Running ehthops

Command-line options

Arguments are passed only to the launch script 0.launch. The rest of the scripts are run without any arguments. Some of the arguments define environment variables and are set using SET_ENVVAR=VALUE syntax. The rest of the arguments are passed to the pipeline as command-line arguments.

The launch script can be run with the -h option to display the help message:

source 0.bootstrap/bin/0.launch -h

Usage: [SET_ENVVAR1=...] && [SET_ENVVAR2=...] && source 0.launch [options]

Useful environment variables:
=============================
SET_CORRDAT     Correlation releases to use for SRC data, higher precedence comes first
SET_WRKDIR      Working directory for pipeline process
SET_TOPDIR      Top level dir for all stages
SET_DATADIR     Input/output data location for HOPS
SET_METADIR     Location of preset control files, META tables, ZBL flux estimates for netcal, etc
SET_SRCDIR      Single input data location for correlator source data
SET_SHRDIR      Location of shared resources (summary notebooks, etc)
If these are not set, reasonable defaults are used (not always guaranteed to work).

Command-line options:
=====================
-y <yyyy>       Campaign year"
-m              Enable mixed polarization calibration"
-x              Use HAXP data for ALMA (i.e. assume linearpol ALMA data present in -haxp directories)"
-p <pattern>    Set the directory pattern for matching (regex); this is the parent directory of the <expt-no>/<scan> directories"
-d <depth>      Set the directory depth for searching (integer); this is the distance between <CORRDAT> and <scan> directories"
-S <dir>        Set the base data source directory (i.e. single input data location) "
-C <colon-separated-list-of-dirs>    Set the correlation releases/tags to use in order of precedence"
-M <dir>        Set the metadata directory (e.g. preset control files, META tables, ZBL flux estimates for netcal)"
-h, --help      Display this help message and exit"

Example:
SET_SRCDIR=/path/to/srcdir && SET_CORRDAT="relativepath1:relativepath2" && SET_METADIR=/path/to/metadata && SET_OBSYEAR="2017" && SET_MIXEDPOL=false && SET_HAXP=false && source bin/0.launch

Some notes on the environment variables and running the stages manually:

  • The 0.launch scripts attempt to set reasonable default values for the environment variables if they are not specified by the user. We recommend setting/verifying at least SRCDIR, CORRDAT, METADIR, and SHRDIR to ensure that the stages run correctly.

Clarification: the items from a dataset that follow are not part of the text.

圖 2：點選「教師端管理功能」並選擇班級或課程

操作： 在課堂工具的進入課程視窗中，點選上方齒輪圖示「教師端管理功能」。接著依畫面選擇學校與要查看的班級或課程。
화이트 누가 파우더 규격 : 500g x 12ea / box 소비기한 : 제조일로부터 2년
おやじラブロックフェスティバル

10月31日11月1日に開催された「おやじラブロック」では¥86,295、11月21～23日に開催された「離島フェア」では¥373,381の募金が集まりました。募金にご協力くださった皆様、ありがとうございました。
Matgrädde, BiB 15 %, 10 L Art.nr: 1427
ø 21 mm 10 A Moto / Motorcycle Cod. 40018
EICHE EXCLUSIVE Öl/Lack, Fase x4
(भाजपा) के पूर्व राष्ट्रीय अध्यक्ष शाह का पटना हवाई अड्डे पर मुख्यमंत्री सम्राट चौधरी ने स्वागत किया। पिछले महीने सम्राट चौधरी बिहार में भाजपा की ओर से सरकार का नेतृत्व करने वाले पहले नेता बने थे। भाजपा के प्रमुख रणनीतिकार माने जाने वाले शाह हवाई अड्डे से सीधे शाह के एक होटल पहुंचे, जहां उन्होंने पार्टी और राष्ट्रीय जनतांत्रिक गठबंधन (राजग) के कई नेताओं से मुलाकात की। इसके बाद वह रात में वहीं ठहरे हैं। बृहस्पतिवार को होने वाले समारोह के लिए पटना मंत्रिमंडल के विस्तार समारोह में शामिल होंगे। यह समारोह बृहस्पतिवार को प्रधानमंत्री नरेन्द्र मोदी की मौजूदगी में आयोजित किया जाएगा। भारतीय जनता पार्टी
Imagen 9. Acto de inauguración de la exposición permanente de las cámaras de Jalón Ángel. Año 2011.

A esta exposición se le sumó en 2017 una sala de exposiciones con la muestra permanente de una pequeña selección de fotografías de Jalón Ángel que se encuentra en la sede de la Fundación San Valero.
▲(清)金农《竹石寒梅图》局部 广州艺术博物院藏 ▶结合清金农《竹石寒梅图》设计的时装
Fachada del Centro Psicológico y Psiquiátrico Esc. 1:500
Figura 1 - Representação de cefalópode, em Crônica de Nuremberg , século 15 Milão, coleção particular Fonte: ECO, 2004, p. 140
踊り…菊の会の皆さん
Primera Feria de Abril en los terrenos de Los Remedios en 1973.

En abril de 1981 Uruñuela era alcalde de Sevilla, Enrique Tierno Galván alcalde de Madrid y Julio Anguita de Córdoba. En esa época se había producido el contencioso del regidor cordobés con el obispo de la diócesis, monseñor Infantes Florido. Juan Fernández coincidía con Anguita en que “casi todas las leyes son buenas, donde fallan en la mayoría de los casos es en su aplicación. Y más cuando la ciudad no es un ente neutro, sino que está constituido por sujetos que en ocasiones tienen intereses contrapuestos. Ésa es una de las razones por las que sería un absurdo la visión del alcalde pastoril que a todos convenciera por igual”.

  • At all stages from 0 to 5, SRCDIR points to the top level directory that hosts the archival data. At stage 6, SRCDIR must point to the directory 5.+close/data in the current band.

  • When running each stage/step manually, if stage 0 (0.bootstrap) is not required, the user must ensure that steps 0.launch and 9.next are run before running stage 1 (1.+flags+wins). This would copy all relevant scripts and control files necessary for running stage 1 (1.+flags+wins). This is automatically taken care of by the ehthops_pipeline.sh script when running in pipeline mode.

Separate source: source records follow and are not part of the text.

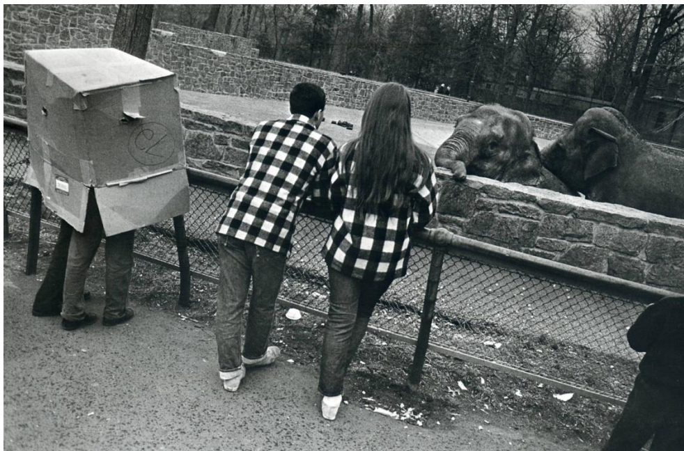
Slika 3.10.: Garry Winogard : publikacija Životinje , New York, 1962. godina

Pod utjecajem europske bresonovske škole, Winogrand je rado hvatao fotoaparatom upravo one odlučujuće trenutke, što je posebno uočljivo u njegovim radovima sredinom 1950-ih godina koje je rado snimao u prestižnom njujorškom noćnom klubu El Morocco. Teoretičari rado uspoređuju njegovu virtuoznost u radu sa kamerom prilikom brzog i gotovo neprimjetnog kadriranja i okidanja svojih glavnih subjekata, sa velikanom Robertom Frankom. [10]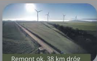
Remont ok. 38 km dróg powiatowych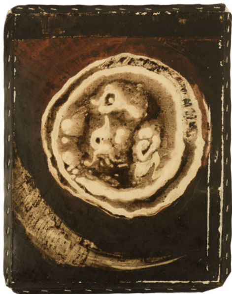
Laurence Wyllie, Cercle 1 , 2003, huile sur toile, 40x50cm.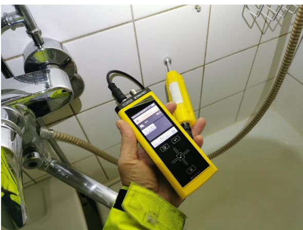
Kuva 3. Suihkuseinästä mitattuna 48.9 (kuiva).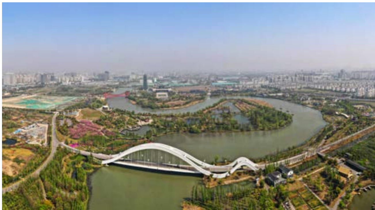
揚州古運河。

“伴美麗運河同行，與中華文化齊舞。希望通過這次雲端之旅，加深海外華裔青少年等新僑群體對中華文明悠久歷史和寶貴價值的瞭解和熱愛，記住歷史、記住鄉愁，增強對祖籍國的認同和自豪感。”龐春奎如是說。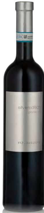
SFORZATO VALTELLINA DOCG "PASSIONE"

Vitigno: Nebbiolo Tipo di vino: rosso fermo Vinificazione e affinamento: appassimento per 3 mesi - macerazione di 10 gg sulle bucce - affinamento 8 mesi barrique e 24 mesi legno grande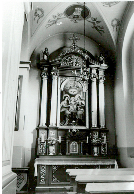
ołtarz w nawie bocznej /prawej/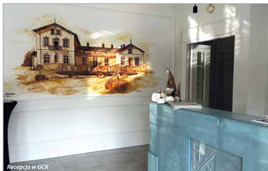
Recepcja w GCK

tańcówki i koncerty plenerowe z muzyką na żywo. Taką ofertą realizujemy nasze zadanie, aby poprzez kulturę inicjować integrację lokalnej społeczności.

  • The user can set SHRDIR to any directory containing runnable Jupyter notebooks (.ipynb files) to replace the default notebooks provided with the plots submodule.

  • The METADIR is expected to contain the following subdirectories:

    • cf/ – contains the control files for the pipeline named according to the pattern cf[0-9]_b[1|2|3|4|lo|hi]_*, where the first number denotes the stage and the second number/character(s) denotes the band.

    • antab/ – contains the ANTAB files for all tracks and bands for the campaign.

    • vex/ – contains the observed VEX schedules for the campaign.

Note

Instructions to run as Docker image to be added.

Helper scripts

The ehthops/scripts directory contains several helper scripts that can be used to run the pipeline or clean up the working area:

  • ehthops_pipeline.sh is a script that runs all the stages of the pipeline, applicable to any band. It is a good starting point for learning to run the pipeline.

  • settings.config is a sample configuration file that shows all the keywords that can be passed to ehthops_pipeline.sh.

  • ehthops_slurm.job is a SLURM configuration file that can be used to submit the pipeline to a SLURM cluster.

  • cleanup.sh deletes all data generated as a result of a previous run and leaves the working area in a clean state.